Anything crazier than usual happen? I woke up in a stairway with my cock out.
I thought he was joking about bailing you out until I saw the picture of you and the sheep in the morning paper. Were those my boots you had on it
you made your cat watch a peta video with you, so you could show it how just how good its life is
theres so much semen in my vacuum cleaner...
She devotes each year to either men or women. I waited all year for her to be straight, tonights the night.
Well at least the house will be decorated when u get evicted.

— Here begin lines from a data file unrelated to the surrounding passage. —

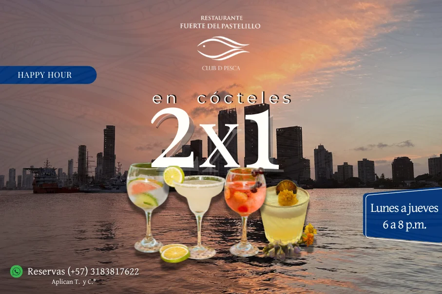 ¡Ven a disfrutar del mejor after hour en el Fuerte del Pastelillo de lunes a jueves desde las 6 p.m a 8 p.m.! En nuestro exclusivo ambiente podrás tomar cócteles refrescantes con tus amigos mientras admiras la hermosa vista de la bahía de Cartagena. ¡No pierdas la oportunidad de vivir esta experiencia única!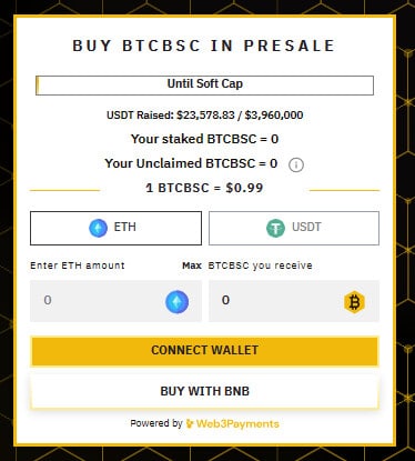 Successivamente, gli investitori dovranno caricare le criptovalute nei loro wallet, in modo da poterle utilizzare per acquistare i token BTCBSC.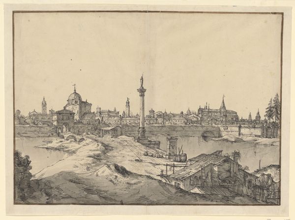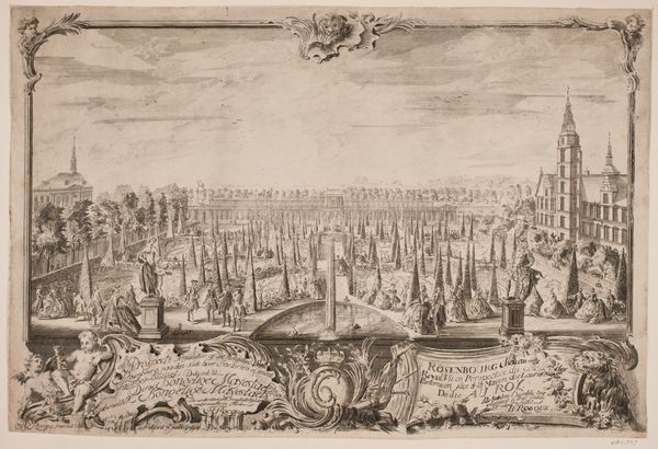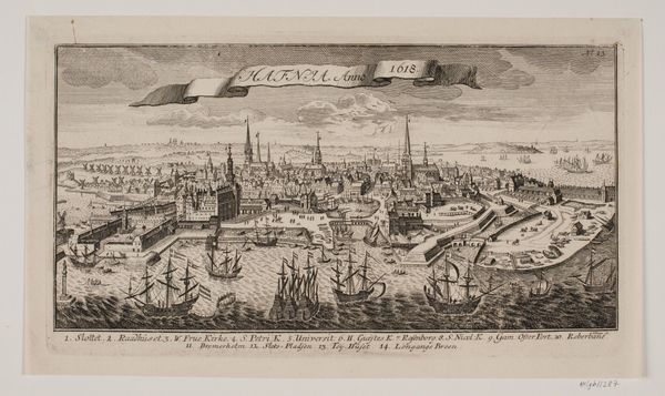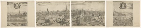 Editor: So, this is "View of Middelburg (third part)" by François Schillemans, created sometime between 1616 and 1679. It's a Dutch Golden Age etching, a cityscape showing the harbor and city. It strikes me as incredibly detailed; almost overwhelming! What stands out to you when you look at this piece? Curator: The etching medium lends a graphic clarity that invites us to delve into the layered meanings here. Consider the sheer density of ships. What do they signify beyond mere transportation? Think of them as symbols of ambition, exploration, and the projection of power and influence on a global scale. Middelburg was a key hub of the Dutch East India Company; that informs the images chosen and how they are deployed. Editor: So the ships aren't just ships, they represent something larger? Curator: Precisely. Visual symbols like ships, windmills, and church towers communicate collective beliefs, historical events, and shared ideals of the Dutch Golden Age. For example, windmills represent a mastery of nature, and churches refer to faith and order. Each element resonates with established cultural values and ideals, giving the image depth. Do you notice any emotional effect from these images? Editor: I guess there’s a confidence or optimism. Middelburg is portrayed as this bustling center, ready to take on the world. I hadn’t really considered all the different layers of meaning before! Curator: And by decoding them, we discover more about this historic society and what its inhabitants hoped to achieve. Cultural memory is a powerful current indeed! Editor: I’ll certainly be looking at landscapes with a fresh perspective from now on!
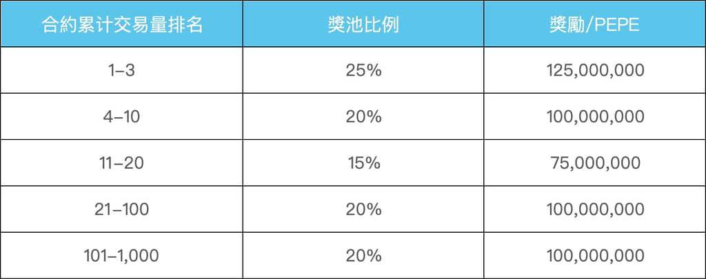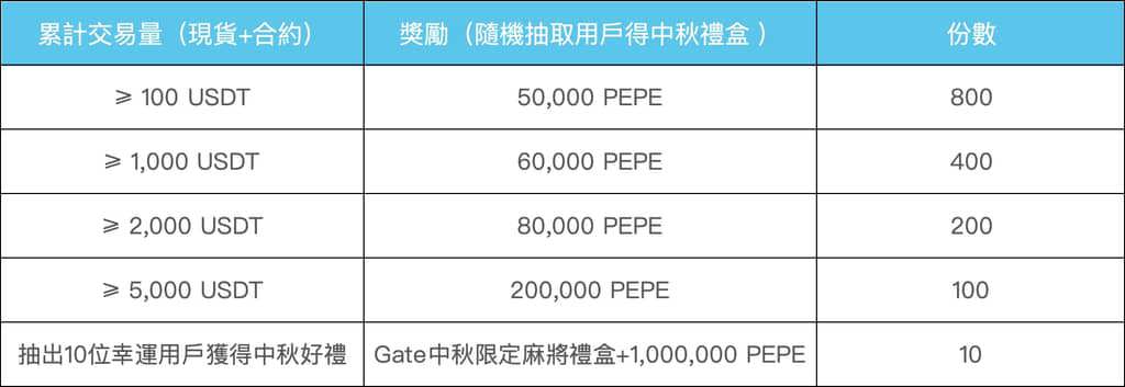 ###📌活动三:中秋交易回馈,新老用户赚500,000,000 PEPE活动期间,新老用户合约累计交易量 ≥ 5,000 USDT,即可参与瓜分**500,000,000 PEPE **中秋团圆礼,先到先得!奖励详情如下: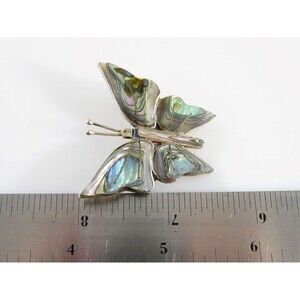 Vintage 1950s Abalone Inlay Butterfly Pin Sterling Silver Taxco Mexico 1 W x 1½ H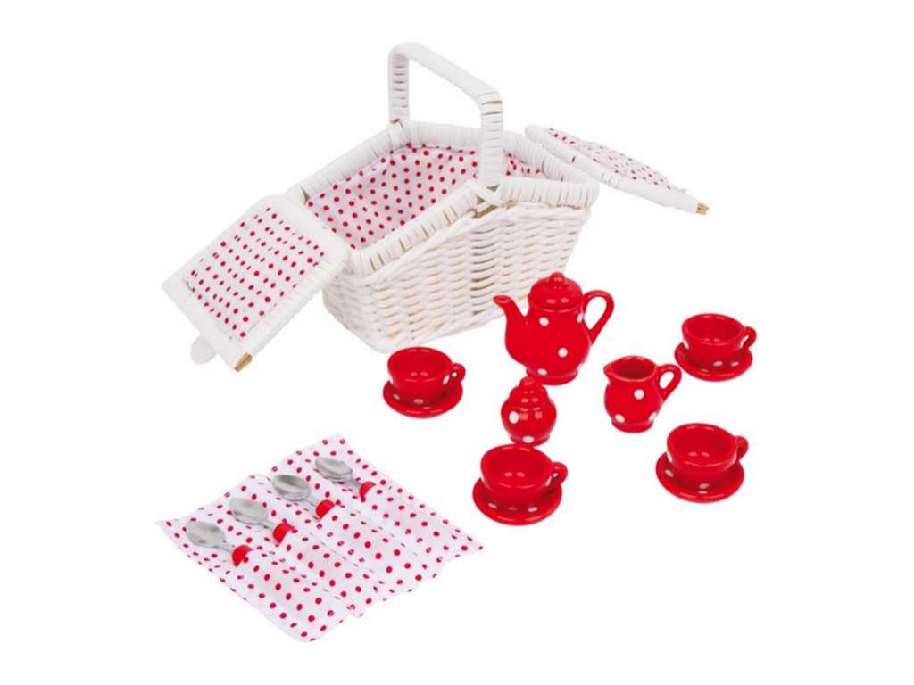 17-dielna súprava v piknikovom košíku z umelého prútia je ako stvorená na posedenie v záhrade pri čaji. Roztomilé bodky vyčarujú úsmev na detských tváričkách.

I asked this couple what they would like to drink and they leaned toward me eagerly and asked if we still have THE root beer ... Idk if this is code for please add cocaine to my drink
We fucked on shrooms. It's like his dick was a beam of light and when I came I turned into a prism and my orgasms were made of rainbows.
It wasn't a basement apartment, it's his parents basement. And he wanted to show me his pet tarantula collection. I NOPED THE FUCK OUT!
Mid stroke she told me she'd had bigger. Replied I could tell. Sex ended right at that moment.
My card got declined when I tried to buy dippin dots at 2 am, the lady gave them to me for free because "I looked like I needed them."
Their children would look like the Michelin man and smell like chef Boyardee
I cannot lay down. I will throw up my life and your life and the class hamster I had in third grade.
So my POF profile is full of Archer references. Only guys who get them will be getting any response to their messages.
I'm not too sure what happened last night, but by the looks of it, we must have gotten drunk with zebras.